Several activities were held nationwide, including in the violence-prone deep South, by both the government and the private sectors to celebrate the event and to demonstrate their appreciation towards teachers in general.
In Pattani, one of the three strife-torn provinces, Governor Thirathep Sriyaphan led officials and members of the public in a merit-making ceremony to pay homage to the victims who died in the past six years of violence. Alms were offered to hundreds of monks from 266 Buddhist temples from the three provinces. Fellowships were presented to 1,000 selected teachers in appreciation of their sacrifices.
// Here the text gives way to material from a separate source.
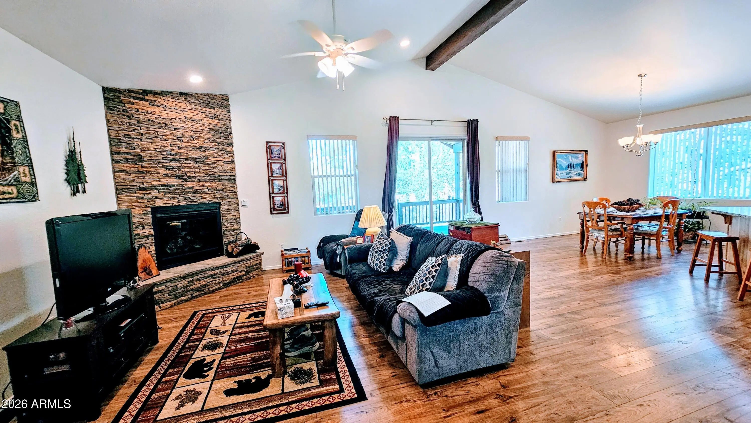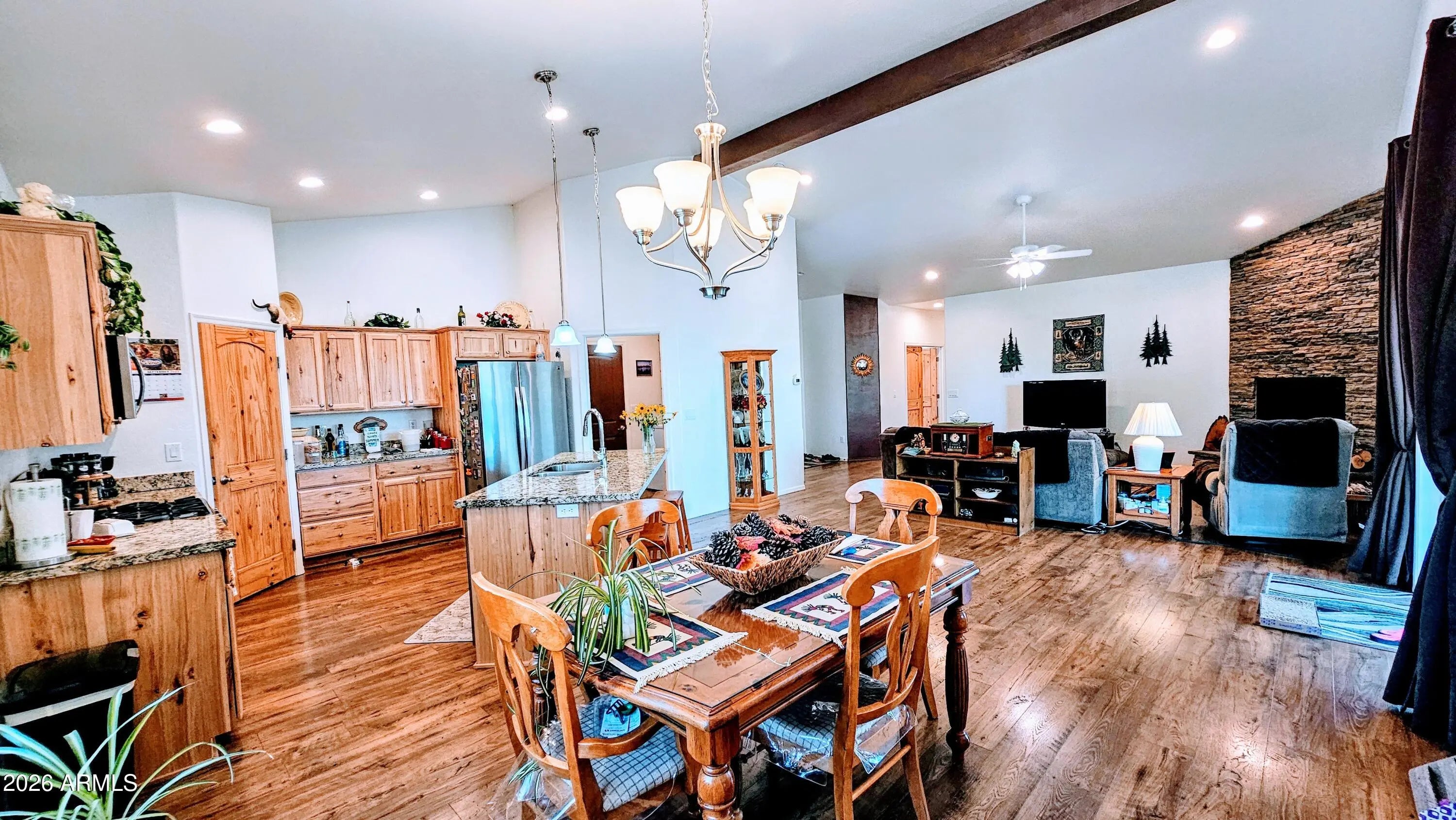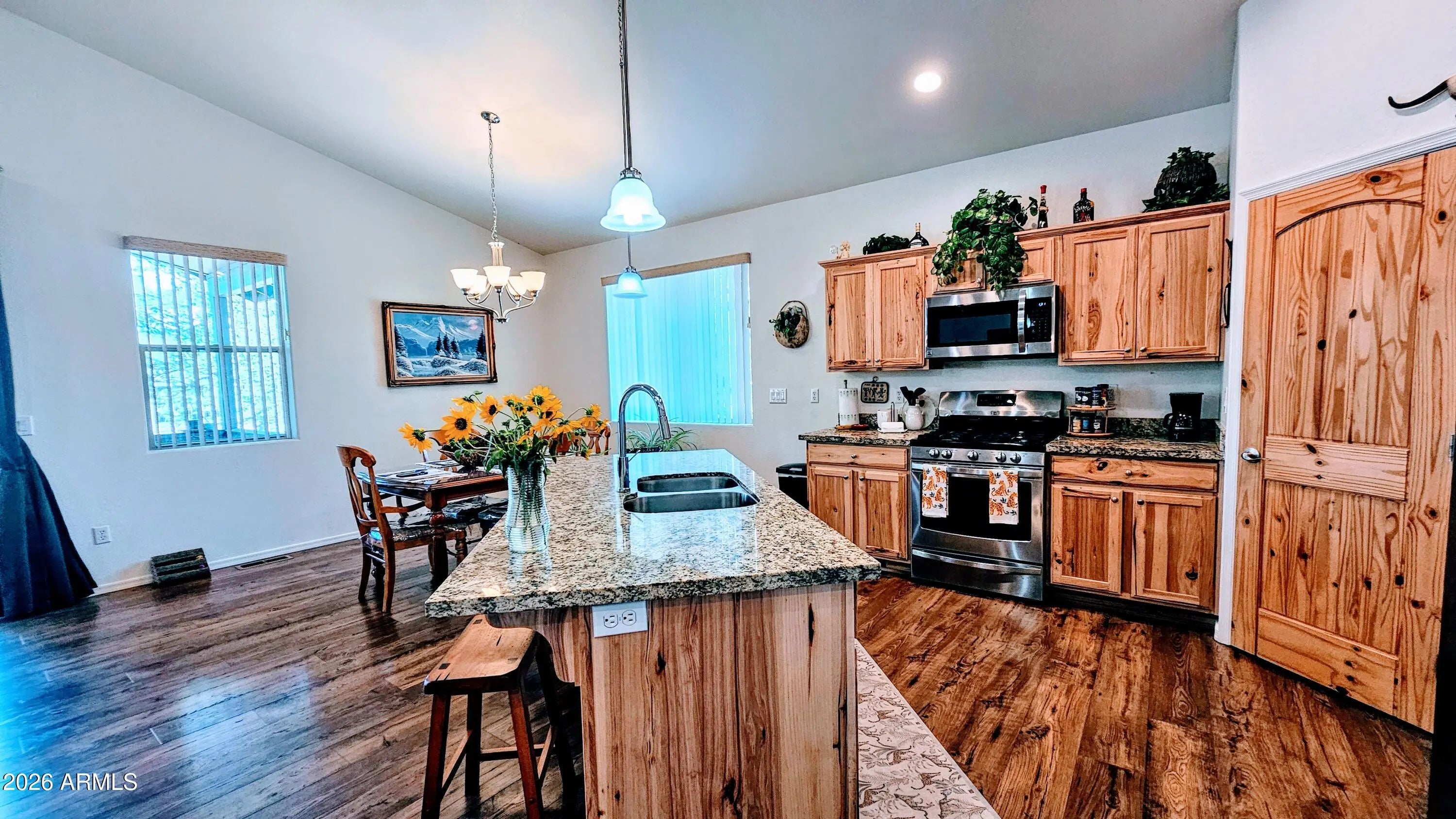 our private mountain retreat, a 3-bedroom, 2-bathroom home built in 2018. Tucked away on a landscaped .35-acre lot, the property offers quiet seclusion with no direct back neighbors, courtesy of a large cement privacy fence and tall pine trees. Step outside to your tranquil outdoor space, which features a private covered back porch with durable composite decking. Inside, vaulted ceilings and a floor-to-ceiling natural stacked stone feature add rustic charm. The kitchen is a chef's dream, with a functional island, granite countertops, and natural hickory cabinets. High-quality Pergo Max amber chestnut flooring flows throughout the home, and an oversized 2-car garage provides ample storage. a perfect blend of modern comfort and mountain living in the heart of Show Low, Arizona. Show Low, the business and recreational hub of the White Mountains, offers a vibrant lifestyle with a small-town feel. Enjoy the four distinct seasons, from the warmth of summer to the snowy winters. Outdoor enthusiasts will thrive with access to over 120 miles of hiking and mountain biking trails, world-class fishing and boating at Fool Hollow Lake Recreation Area, and skiing at nearby Sunrise Park Resort. The community hosts various events, including a farmers' market, festivals like Show Low Days, and the Christmas Light Parade. With charming local shops, independent restaurants, and ample community facilities, this home offers the best of both peaceful mountain seclusion and convenient town amenities. An optional adjacent .23-acre lot is also available for purchase, offering even more potential for expansion and privacy. The Listing for both lots and the Home is MLS#258806

Similar rituals were held in neighbouring Yala and Narathiwat provinces. In Narathiwat, Deputy Interior Minister Thavorn Senniam led officials to pay homage to death victims. Plaques and certificates were also presented to outstanding teachers.
Mr Prasit Thorsuan, director of Ban Khao Tanyong Friendship school in Narathiwat, said that the primary concern of most teachers in the region is safety in life and property. He said he didn’t want to see any teachers to be killed by the militants and urged the government not to cut back the “risk allowance” for the teachers for the risk they have to face in almost everday’s life.
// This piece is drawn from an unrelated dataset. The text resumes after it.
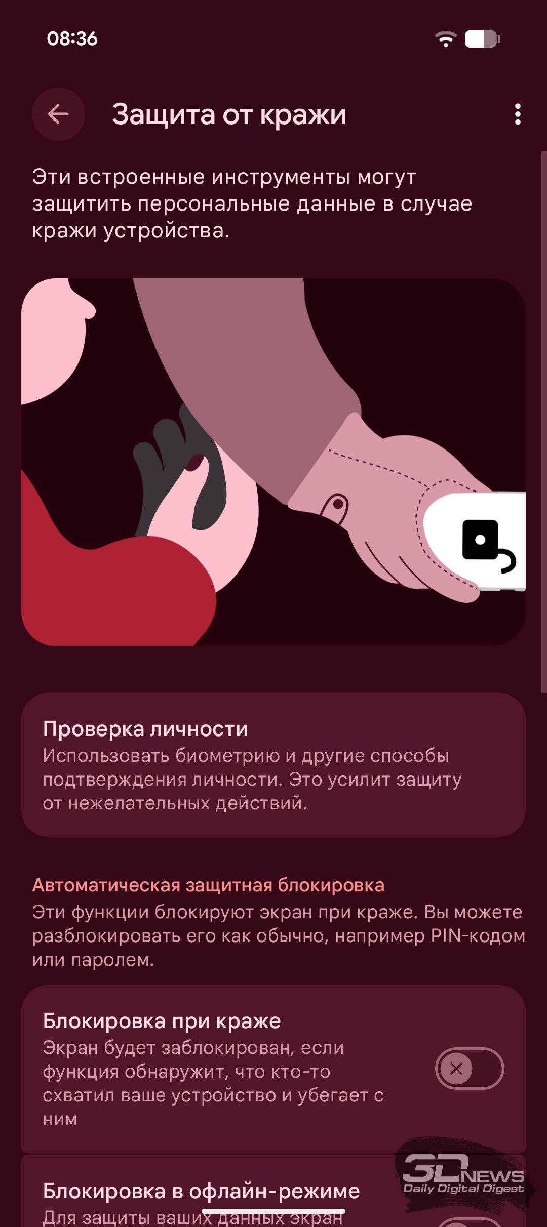 • «Блокировка при краже» заблокирует устройство, если датчики смартфона почувствуют, что его кто-то схватил и убегает.

In order to understand the high risk involved, one needs only to look at the death toll of teachers and educational officials for the past six years - a total of 114. Although the number of teachers killed or injured by militants has dropped last year compared to a year before, safety issue remains the primary concern. The most horrific case last year was the murder of an eight-month pregnant teacher, Mrs Atcharaporn Thepsorn, who was shot dead while traveling in a truck on her way home from school.
Even if the number of violent incidents has dropped last year compared to the statistics a year ago, teachers remain vulnerable and a soft target.
The followings are excerpts of the opinions voiced by some teachers about how they feel about their teaching career, about the risk they have to endure and what they expect from the government.
A teacher of more than ten years of experience in Muang district of Yala, Mrs Kurawan Sanhama, who had a close shave with death two years ago when a train she was traveling was peppered with automatic gunfire by the militants, said she was quite used to the violence in the deep South and had little choice but to face it in stride.
Despite the ever-present danger, she said she felt most teachers were determined to do their job the best they could. What the teachers want most is for the government to provide them with better security and to improve their welfare as an incentive.
Mrs Amornrat Suwanchatri, 53, has opted for early retirement but, in the end, changed her mind to return to teach again “because I am worried about the students and don’t want to feel that I have deserted them.”
The teacher feels that security for teachers is inadequate. “I feel that it is not 100 percent safe for coming to school every day. It all depends on fate - that is if we do a lot of good deeds, we will be safe from all the dangers,” she lamented.